Some years ago, Abella, an alumnus of Associated Hebrew Schools (AHS), lent his name and his photo to a campaign the school had embarked upon to help bust some very harmful myths about graduates of Jewish day schools. We are familiar with these myths: day school graduates tend not to participate in the life of the wider community; they adopt inward-looking ways and look only to a cloistered horizon. But the truth is generally quite the opposite. Abella’s life is the poignant refutation of the lie and/or the ignorance peddled by demagogues that public assistance to independent schools would shred to pieces the fabric of our multicultural society.
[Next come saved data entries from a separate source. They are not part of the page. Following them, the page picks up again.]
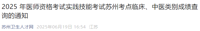 速查!江蘇蘇州2025年臨床|中醫(yī)醫(yī)師資格實(shí)踐技能考試成績(jī)已公布!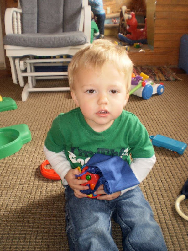 Last week, his teacher mentioned the daycare had a new facebook page! We all know how addicted I am to facebook, so I totally checked it out. And they have some adorable pictures of my little man! I saved them to share with you all here. I love seeing what he's like when I'm not around. :)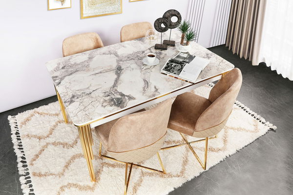 Rozkládací jídelní stůl (pro 6 osob) Diana (Zlatá + Bílá) *bazár *bazar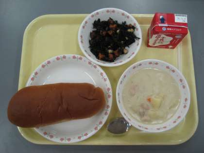 1年生も配ってもらった給食を前に「今日は大好きな物ばかりで早く食べられる!」と張り切っていました。しかし,食べ始めると「ひじき」「豆類」の苦手な学院生は少しずつ口に入れて,もぐもぐもぐ。なかなか飲み込むことができませんでした。時間は少しかかりましたが全て食べきることができました。苦手な物でも「食べよう」とすることで色々なことに取り組むことができる力が身に着くと思います。頑張れ,1年生!
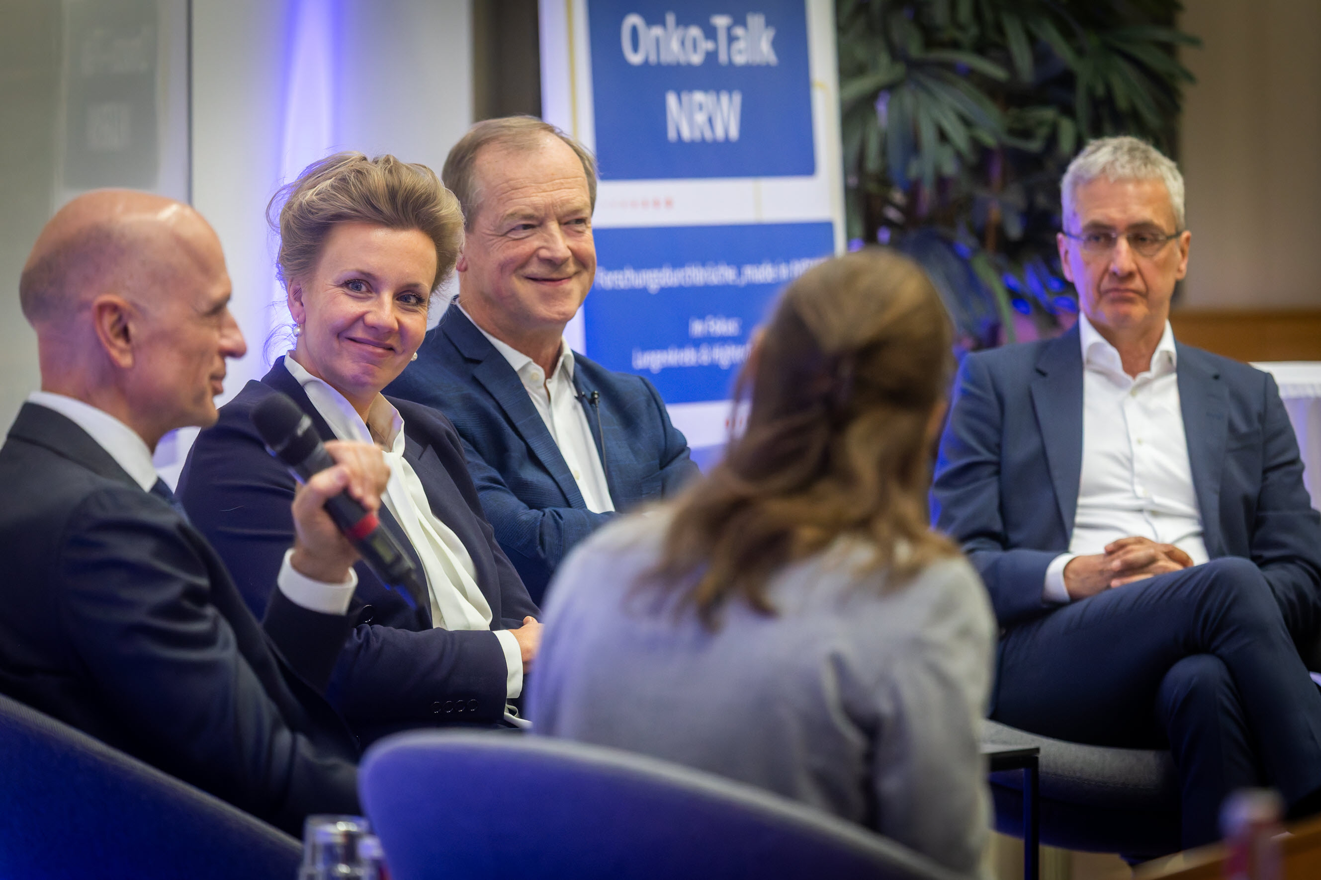 Im ersten Podium diskutierten die nordrhein-westfälische Ministerin für Kultur und Wissenschaft, Ina Brandes MdL, Prof. Martin Schuler (stellv. Direktor WTZ Essen), Prof. Michael Hallek (Direktor CIO Köln) und Prof. Jürgen Wolf (CIO Köln, Sprecher nNGM) die Fortschritte der vergangenen Jahre – und machten deutlich, wie sehr sich die Perspektive für Patientinnen und Patienten verändert hat.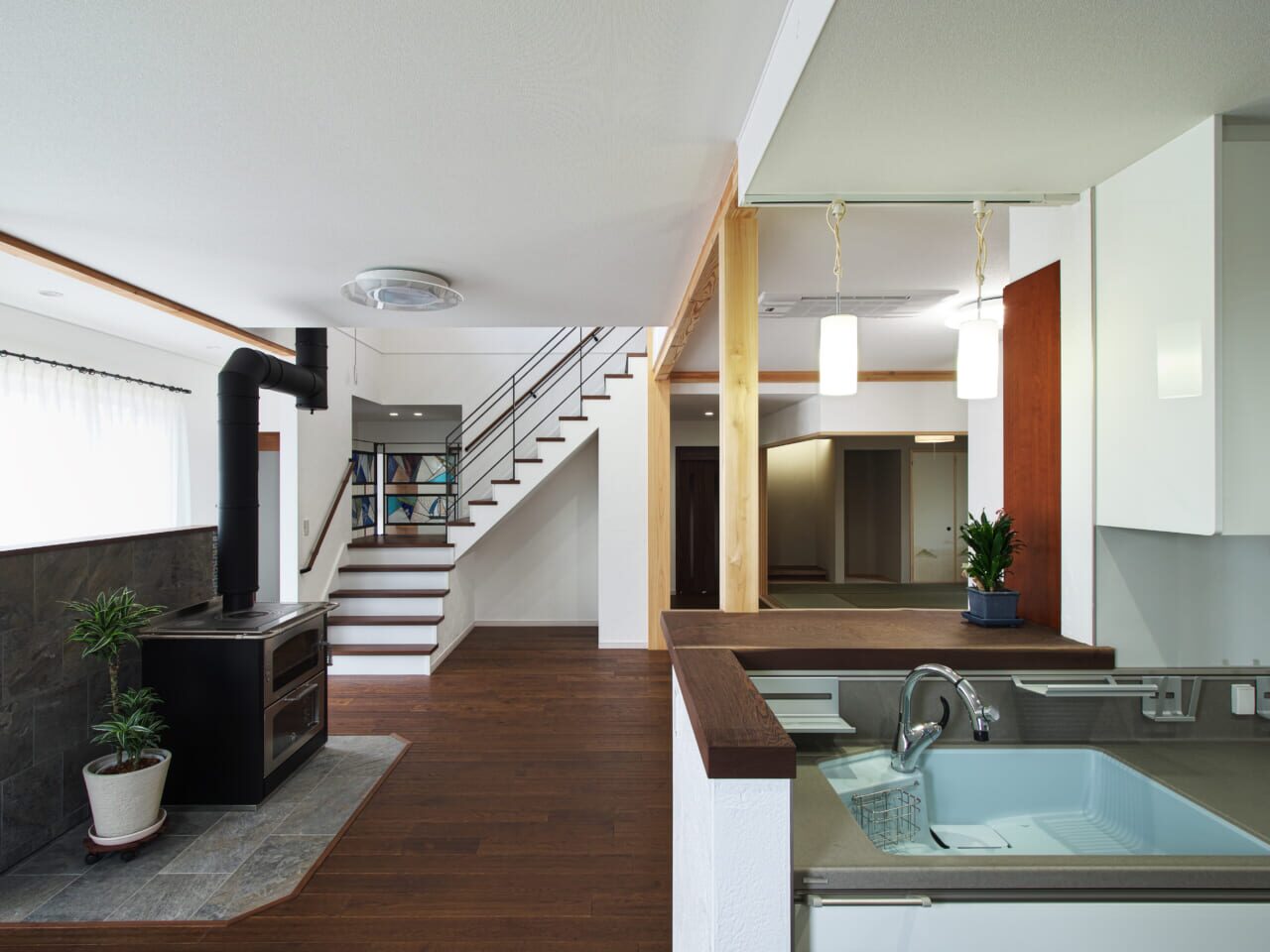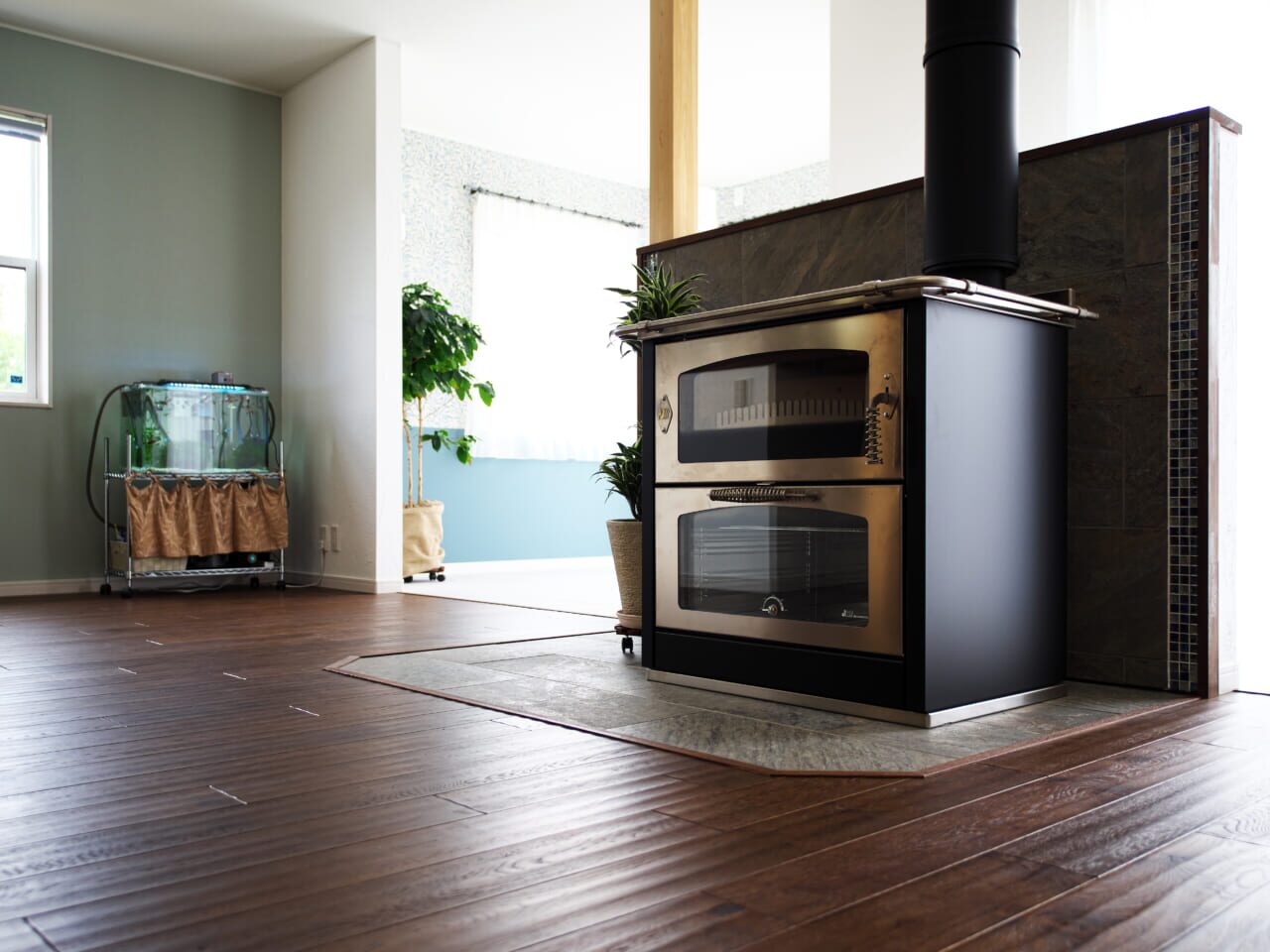 茨木市の注文住宅|薪ストーブを眺め、自然を肌で感じる。スローライフ|無垢のフローリング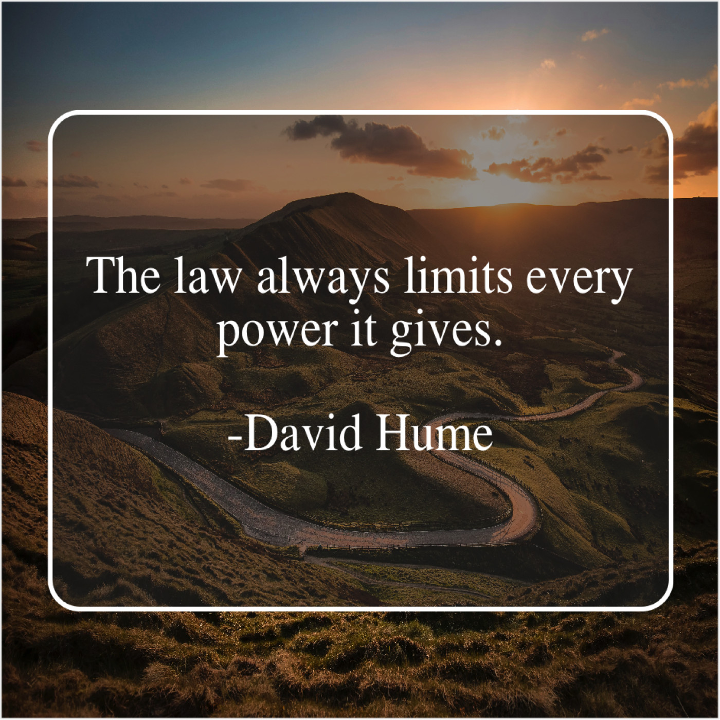 David Hume David Hume – The law always limits every… April 24, 2019 admin “The law always limits every power it gives.”-David Hume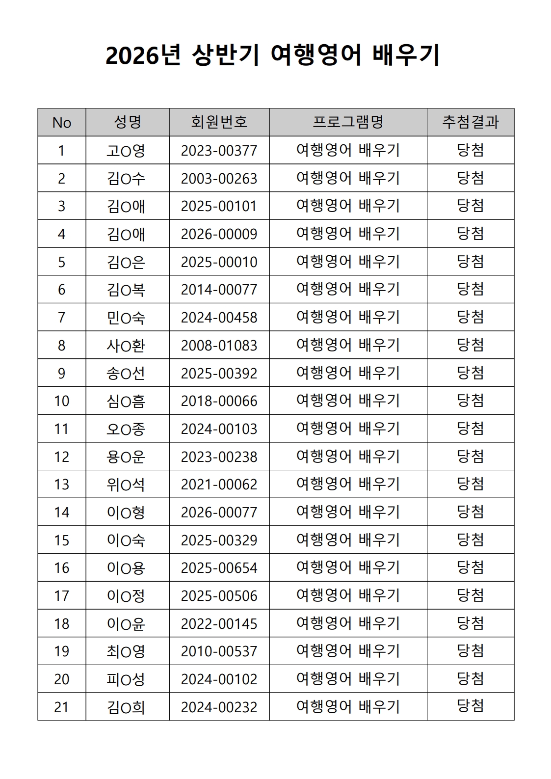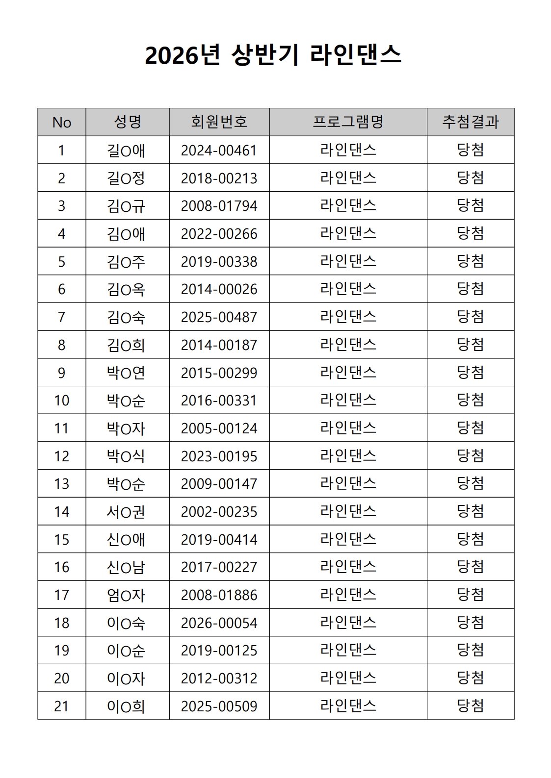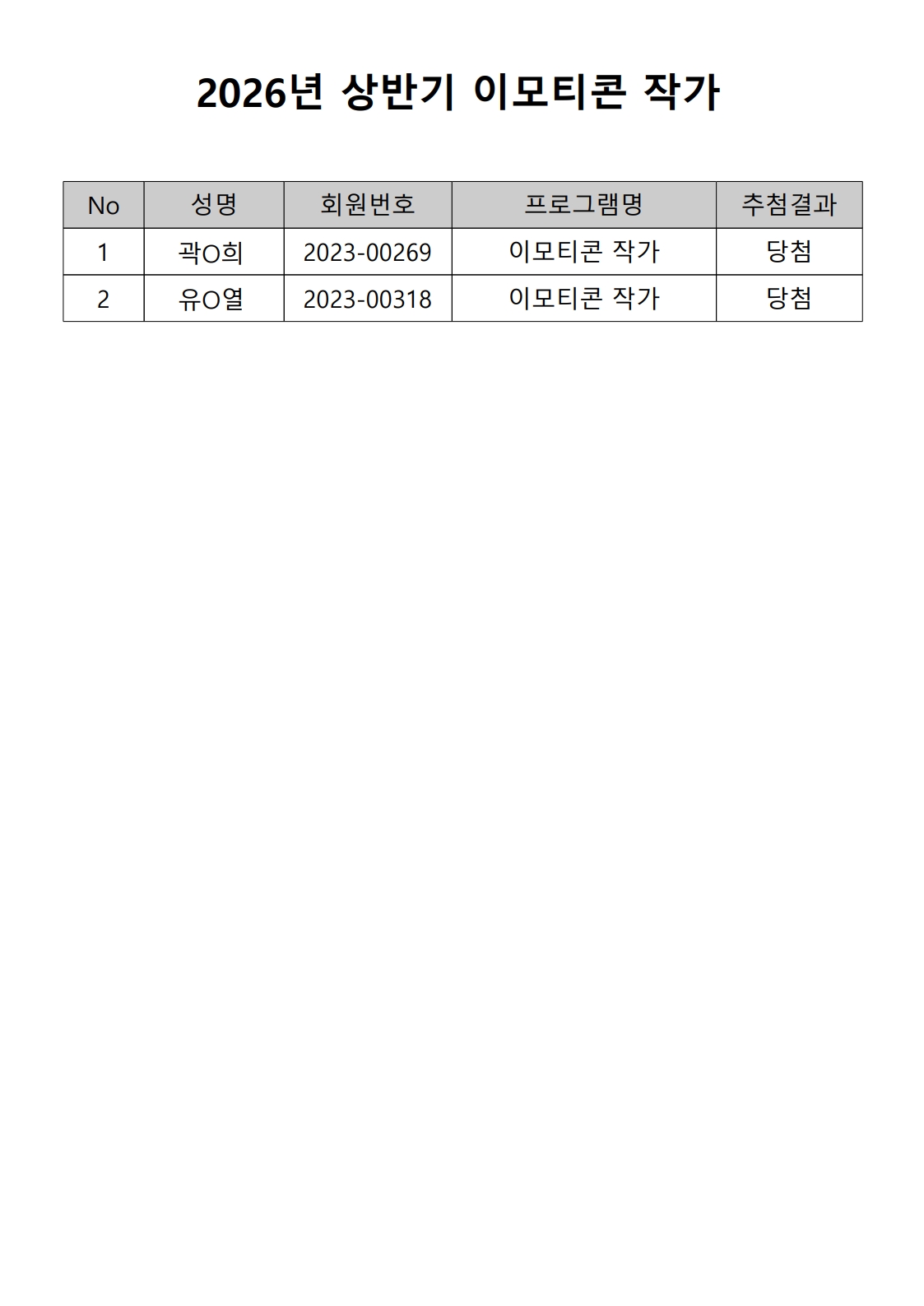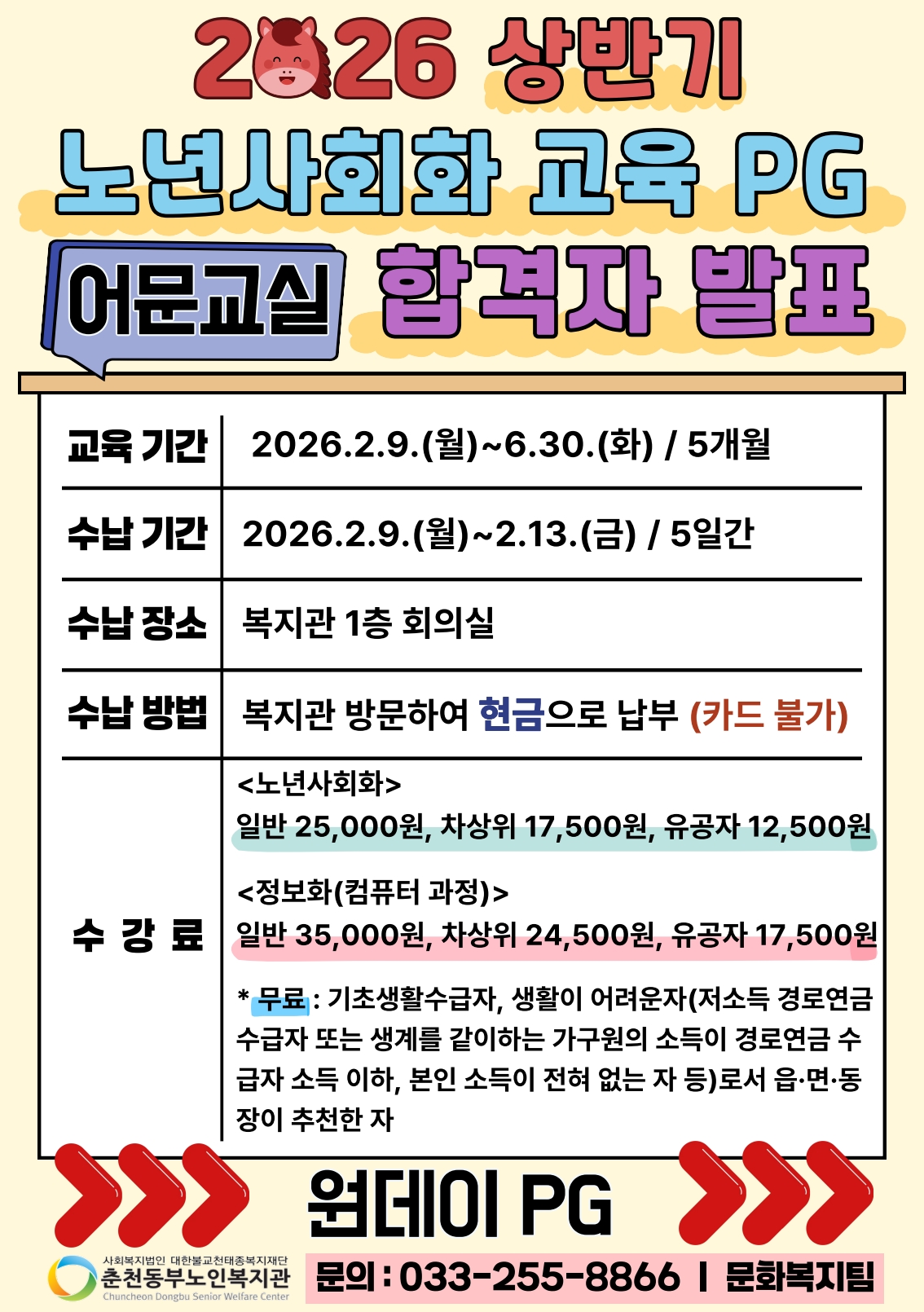 공지 [합격자 발표] 2026년 상반기 노년사회화 및 정보화교육 프로그램 합격자 발표

As Irving Abella’s life attests, day school graduates – dare we also say – independent school graduates – participate with as much vigour and volunteer energy in the life of the wider community as do public school graduates. They stand for inclusion, tolerance and wide horizons as forcefully as the graduates of public schools, indeed, if not more.

Irving Abella was the perfect representative/embodiment/spokesperson for Canadian Jewry: dignified of bearing; thoughtful, studied, careful, calmly compelling of speech, courageous in action and deeply good of character. Of some it would merely be an eye-rolling cliché to add, but of Abella it was as true as a ray of sharply defined light cutting through the dark, that he walked and talked and comported himself as comfortably and as purposefully with prime ministers and presidents as he did with hourly paid workers, salaried employees, students and editors. He was simply a deeply principled human being. His memory will always be for blessing.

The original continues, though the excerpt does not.